Modeling and simulation of contact parameters of elliptical and cubic nanoparticles to be used in nanomanipulation based on atomic force microscope.

Regarding the contact mechanics of smooth nanoparticles, two new geometries, specifically elliptical and cubic are chosen for nanoparticles. The results of elliptical contact simulation show that the JKR theory induces a greater indentation depth in both contact geometries since it includes the adhesion forces. Moreover, the Jamari theory shows a lesser indentation depth because it assumes larger contact area. The results of cubic nanoparticles simulation exhibit a significant difference between the contact of tip and nanoparticle compared to the contact of nanoparticle and surface. This can be attributed to the large contact area between the cubic nanoparticle and the reference surface. The JKR and DMT theories, however, show greater indentation depths in the tip contact with nanoparticle. Furthermore, the Lundberg theory yields the maximum indentation depth in the nanoparticle contact with reference surface. Finally, in order to validate the results, experimental and FEM approaches are incorporated.
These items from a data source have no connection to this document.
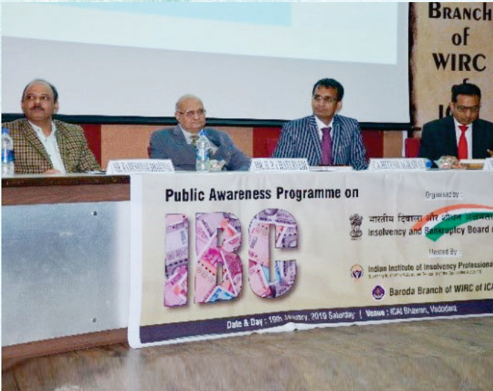
Awareness Programme in Vadodara on 19 th January, 2019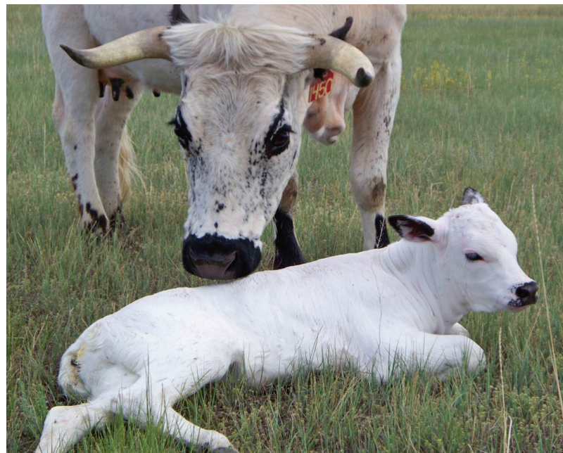
Images - Upper left: Touring the Underground. Lower right: White Park cow and calf at B-Bar Ranch.

Montana is in the early stages of establishing a commonly accepted definition for agritourism. However, the definition used in 2017 legislation addressing liability is as follows: “Agritourism” means a form of commercial enterprise that links agricultural production or agricultural processing with tourism in order to attract visitors to a farm, ranch, or other agricultural business for purposes of entertaining or educating the visitors. House Bill 342 was passed into law in March 2017, adding agritourism to the list of Montana Recreational Activities in which participants assume the liability for the inherent risks of those activities. For more information on insurance and liability, please see the Safety and Risk Management section of this resource site. At its heart, agritourism connects farms to communities. According to the state of Vermont, ‘it is the business of establishing farms as destinations for education, recreation, and the purchase of farm products.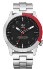
Silver / Black Red 2958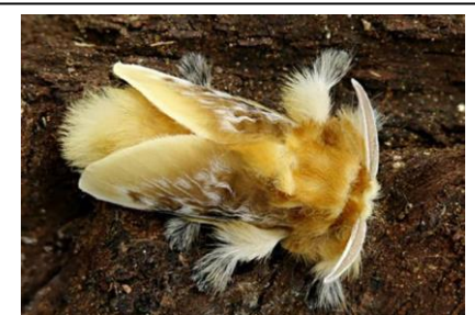
Male Southern Flannel moth (dorsal view) Megalopyge opercularis

Don't forget to visit our website: www.floridastateparks.org/delnorwiggins and the Friends of Delnor-Wiggins Pass State Park website: www.delnorwiggins.org Like us on Facebook at: www.facebook.com/friends.delnorwiggins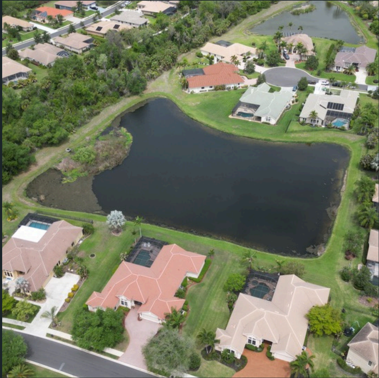
Pond #21 Treated for Shoreline Vegetation.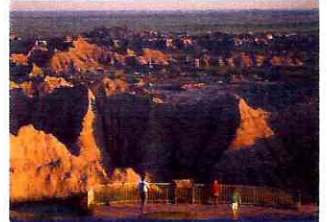
Spectacular Badlands National Park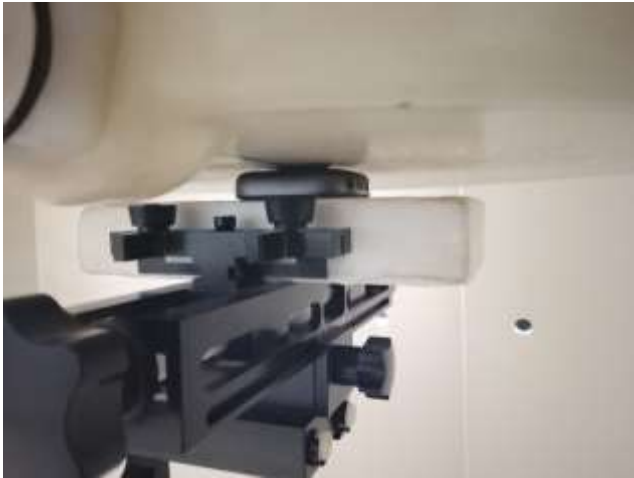
Wrist -Worn(Back), Test Separation 0 mm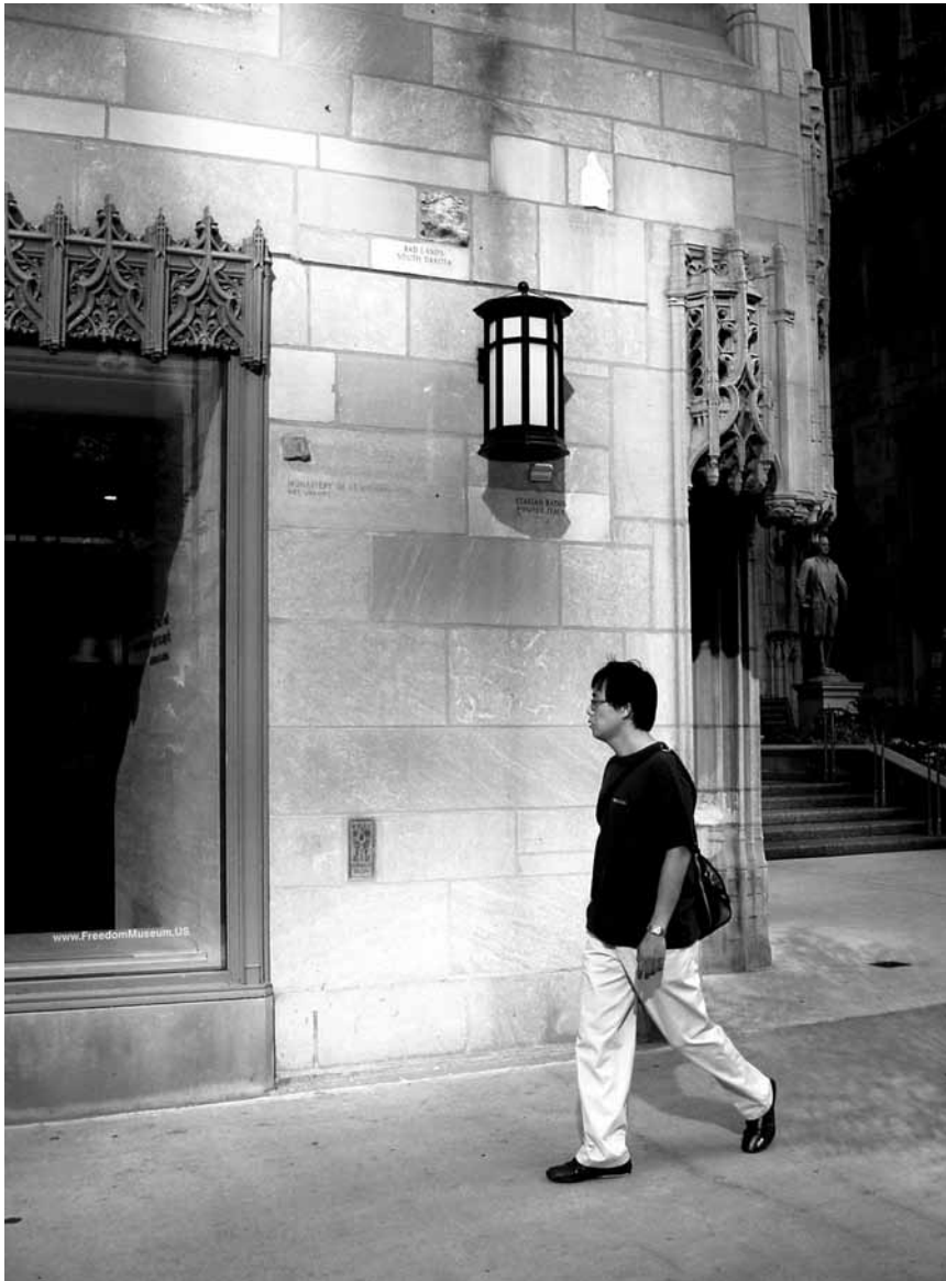
Fig. 9.3 Chicago, Tribune Tower, street view of the façade

and topographies, brought to Chicago from all fifty states and from many countries around the world, work? Certainly all of these chunks function indexically; that is, each scrap serves as a sign of the entirety of its originating locus. A small bit of stone, identified by its label as the Great Pyramid of Gaza ( sic! ), evokes a mighty structure. But the force of such evocations varies.

Concerning the experimental results, a certain number of silver nanoparticles are placed on a polystyrene surface. After obtaining the experimental force-displacement curves, the results of presented models are compared with them. The experimental results indicate that for silver nanoparticles and polystyrene surface, the Hertz theory with 1.11% of error and the JKR theory with 8.7% of error show the best output, respectively. Regarding rough nanoparticles contact, the geometry of roughness are taken as elliptical. Meanwhile, analytical relations are presented to solve force and contact area integrals while noting the problem dimensions. The results of simulation show that the JKR theory yields the highest roughness force, followed by the Hertz and Jamari theories, and regarding rough contact area, the Hertz theory creates the largest contact area, followed by the Jamari and JKR theories. The presented analytical method is compared with numerical results as a means of validation.